Seven bridges, which were pre-classified as bleeding (yes) and non-bleeding (no) were included in this study (Table 1). The classification by the category ‘bleeding bridges’ based on visual observations is a subjective overall impression of the bridge's condition. Incidents of bleeding from timber bridges, e.g. onto cars underneath, could be isolated cases and the overall impression may be influenced by these incidents and by scattered bleeding problems. Migration or redistribution of creosote from a few areas of a bridge can distort the impression of bleeding. Therefore, regular inspections are necessary to confirm or disprove these impressions. The studied timber bridges have been inspected several times prior to this study. Thus, we have to assume a pre-classification based on thorough visual inspections.

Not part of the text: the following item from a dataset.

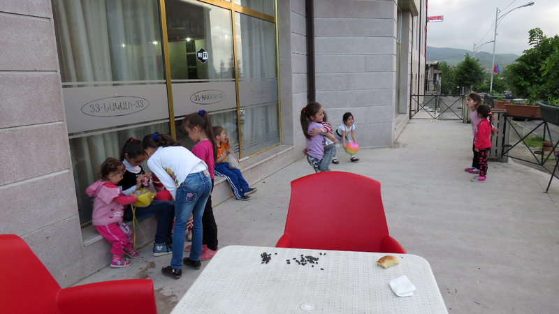 После школы, вместе с Сергеем Баграмяном я пошёл в дом Гриши Петросяна, где проживала его свояченица из Мартакерта Жанна Сардарян, с дочерью Астхик. Жанна воспитатель детского сада. Дом её пострадал от взрывной волны, муж находится на передовой. Ждёт не дождётся, когда сможет вернуться к себе домой и заняться любимым делом – воспитывать ребятишек. Когда вошди в дом, вкусно пахло свежеиспечённым деревенским хлебом. Нас, естественно, угостили...

When using discriminant analysis for the classification of the category ‘bleeding bridges’, the three macro-anatomical variables, heartwood content, annual ring width and annual ring angle, were sufficient to correctly classify 86% of the observations on their bleeding performance. Including resin canal per area as a variable, altogether four variables, led to 100% correct classification. Heartwood content dominated the classification and had a great influence as a variable. A degree of 71.5% correct classification was obtained by using only ray-height and annual ring width as variables while excluding heartwood content. However, two misclassifications resulted in this approach, meaning two out of seven bridges, could not be classified correctly. However, the same classification including heartwood as a variable resulted in 1 misclassification. The classification on bridge level is therefore not preferable, when only a few variables are used for classification. Increasing the amount of variables and the number of samples taken from each bridge would help to more accurately classify on bridge level. However, from the 10 variables used in this study (Table 3), only three variables are based on macro-anatomical features, which are easier to examine compared with micro-anatomical features.

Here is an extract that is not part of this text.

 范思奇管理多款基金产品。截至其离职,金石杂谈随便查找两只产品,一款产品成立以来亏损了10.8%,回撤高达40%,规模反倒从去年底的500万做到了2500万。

Classification approach based on sample level

Owing to the classification results on bridge level, it was decided to include the level of single wood core samples in this study. The wood core samples were classified as wet surface samples (‘yes’), if an oily or tar-covered surface was present. Smearing and creeping of creosote from surrounding areas on wood core samples leading to incorrect visual impression was not observed. However, temperature during sample preparation is reported as an influencing factor (Chin et al. 1983).

The discriminant analysis using the variables heartwood content, annual ring width and annual ring angle resulted in 88% correct classification when ‘wet sample surface’ was used as category (Table 2).

Table 2

Summary of linear discriminant method of classification.

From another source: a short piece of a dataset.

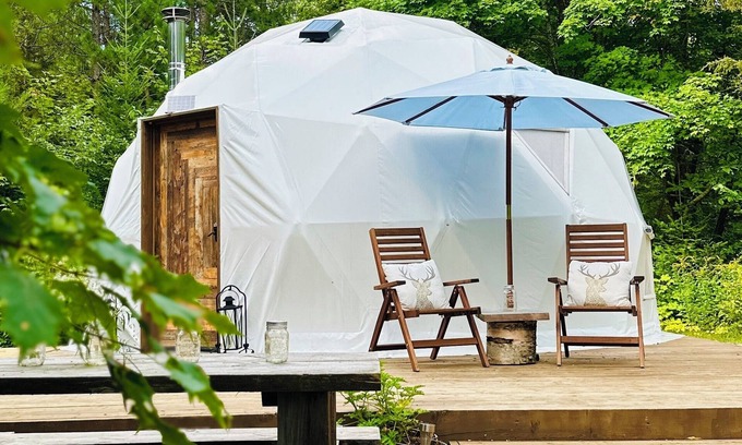 Escape to The Stargazer Geodome, a unique glamping getaway in the heart of the scenic Almaguin Highlands.
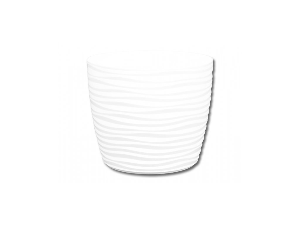 Matný plastový obal na květník s jemnými vlnkami po celém obvodu. Průměr: 17 cm, výška: 14 cm.Doplňkové parametry

Classification	Variables	Count	Number misclassified	Percent misclassified	Entropy R²	−2Log-Likelihood
Wet sample surface	Heartwood content Annual ring width Annual ring angle	17	2	11.765	0.5214	9.8569

Notes: Number misclassified = Provides the number of observations in the specified set that are incorrectly classified; percent misclassified = Provides the percent of observations in the specified set that are incorrectly classified; entropy RSquare = A measure of fit. Larger values indicate better fit; −2Log-Likelihood = Twice the negative log-likelihood of the observations in the training set, based on the model. Larger values indicate better fit.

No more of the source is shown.